Struct rusqlite::ParamsFromIter
source · pub struct ParamsFromIter<I>(/* private fields */);
Expand description
Adapter type which allows any iterator over ToSql
values to implement
Params
.
This struct is created by the params_from_iter
function.
This can be useful if you have something like an &[String]
(of unknown
length), and you want to use them with an API that wants something
implementing Params
. This way, you can avoid having to allocate storage
for something like a &[&dyn ToSql]
.
This essentially is only ever actually needed when dynamically generating SQL — static SQL (by definition) has the number of parameters known statically.

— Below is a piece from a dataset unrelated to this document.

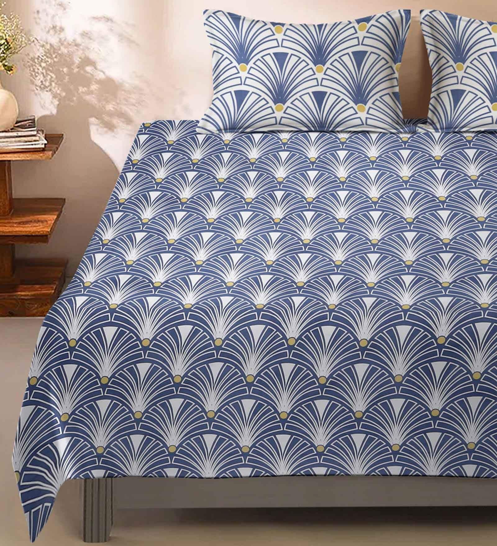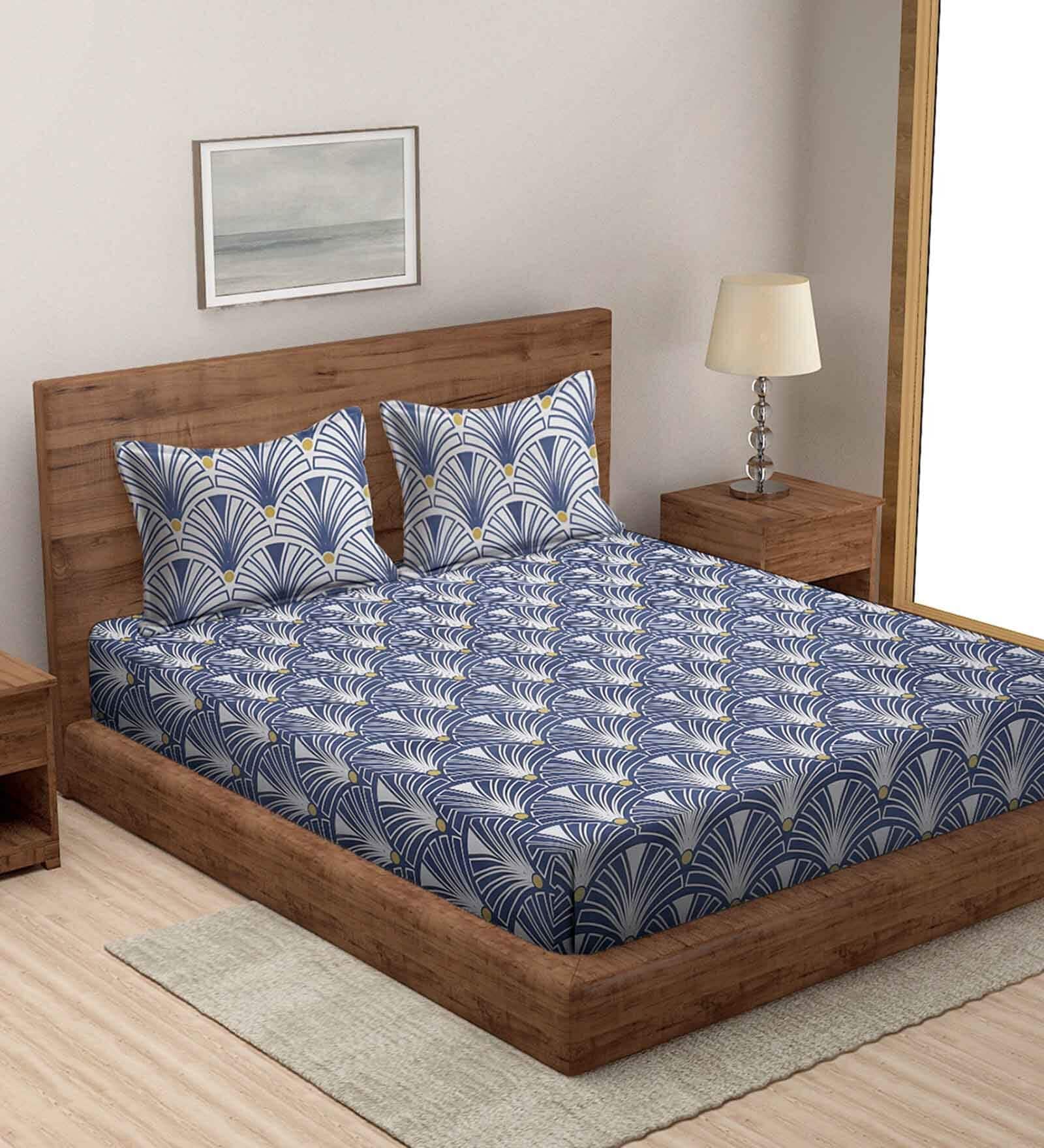 Blue Peacock King Size Double Bed Elastic Fitted Premium Bedsheet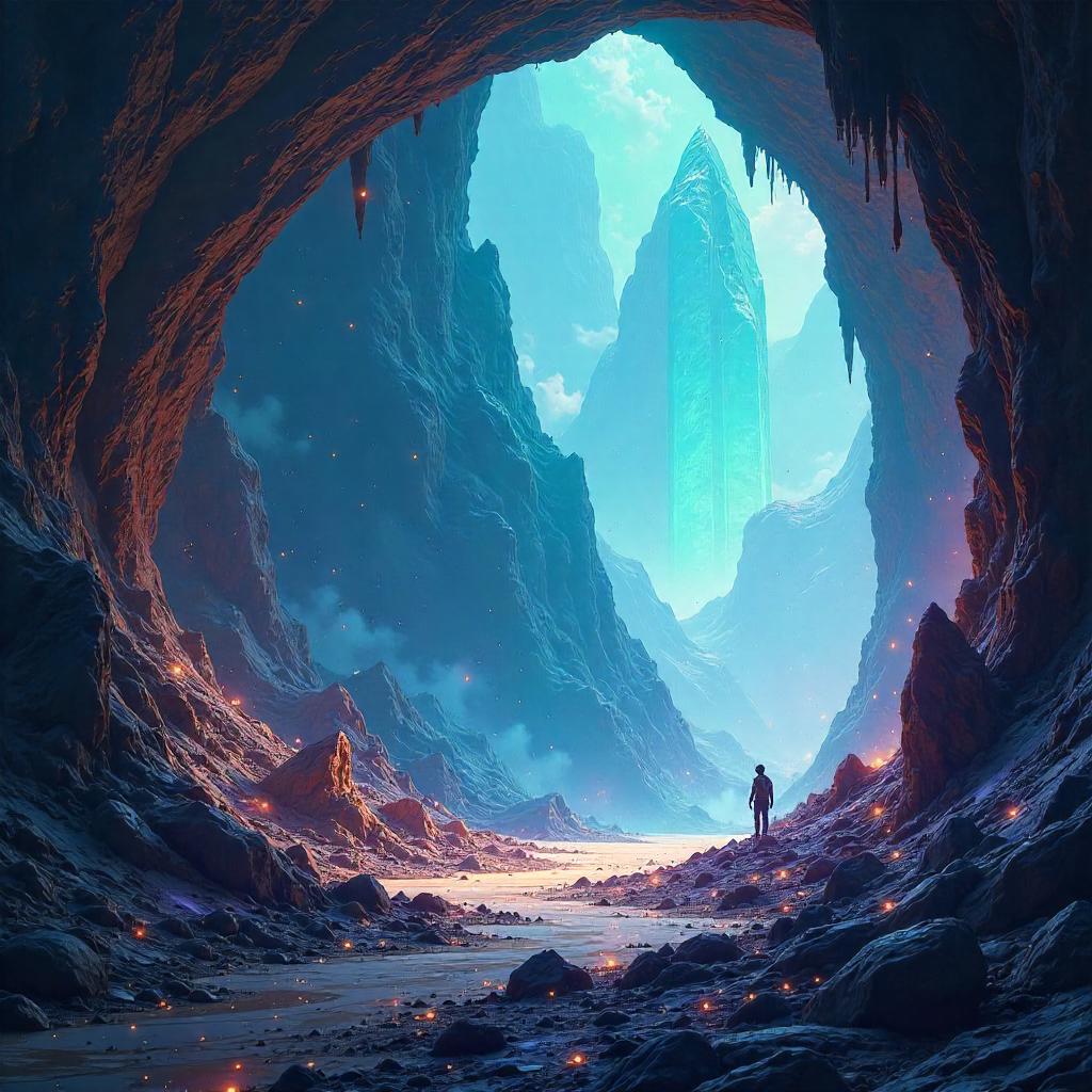 An expansive plateau carved inside a colossal crystal cavern; concept art style, wide cinematic panorama. Bioluminescent crystals glow in cyan, teal, and magenta, refracting light into prismatic facets that illuminate the plateau and jagged rock edges. Hanging crystal stalactites crown the ceiling; dust motes drift in an atmospheric glow. The ground blends smooth mineral surfaces with shard-like crystal formations catching highlights. A lone traveler stands at the edge to convey scale, dwarfed by crystalline arches and towering walls. The scene fuses real cavern geology with fantastical, otherworldly design, rendered with painterly, high-detail textures suitable for matte painting. Lighting is soft yet dramatic, backlit crystals creating silhouettes and long shadows; depth enhanced by atmospheric perspective. Color palette: cool blues and purples with warm gold accents. Style cues: concept art, cinematic, sci-fi/fantasy, high detail, 3D-rendered feel with painterly brushwork.

As dynamically generating SQL is itself pretty advanced, this API is itself for advanced use cases (See “Realistic use case” in the examples).
Example
Basic usage
use rusqlite::{params_from_iter, Connection, Result};
use std::collections::BTreeSet;
fn query(conn: &Connection, ids: &BTreeSet<String>) -> Result<()> {
assert_eq!(ids.len(), 3, "Unrealistic sample code");
let mut stmt = conn.prepare("SELECT * FROM users WHERE id IN (?1, ?2, ?3)")?;
let _rows = stmt.query(params_from_iter(ids.iter()))?;
// use _rows...
Ok(())
}
Realistic use case
Here’s how you’d use ParamsFromIter
to call Statement::exists
with a
dynamic number of parameters.
use rusqlite::{Connection, Result};
pub fn any_active_users(conn: &Connection, usernames: &[String]) -> Result<bool> {
if usernames.is_empty() {
return Ok(false);
}
// Note: `repeat_vars` never returns anything attacker-controlled, so
// it's fine to use it in a dynamically-built SQL string.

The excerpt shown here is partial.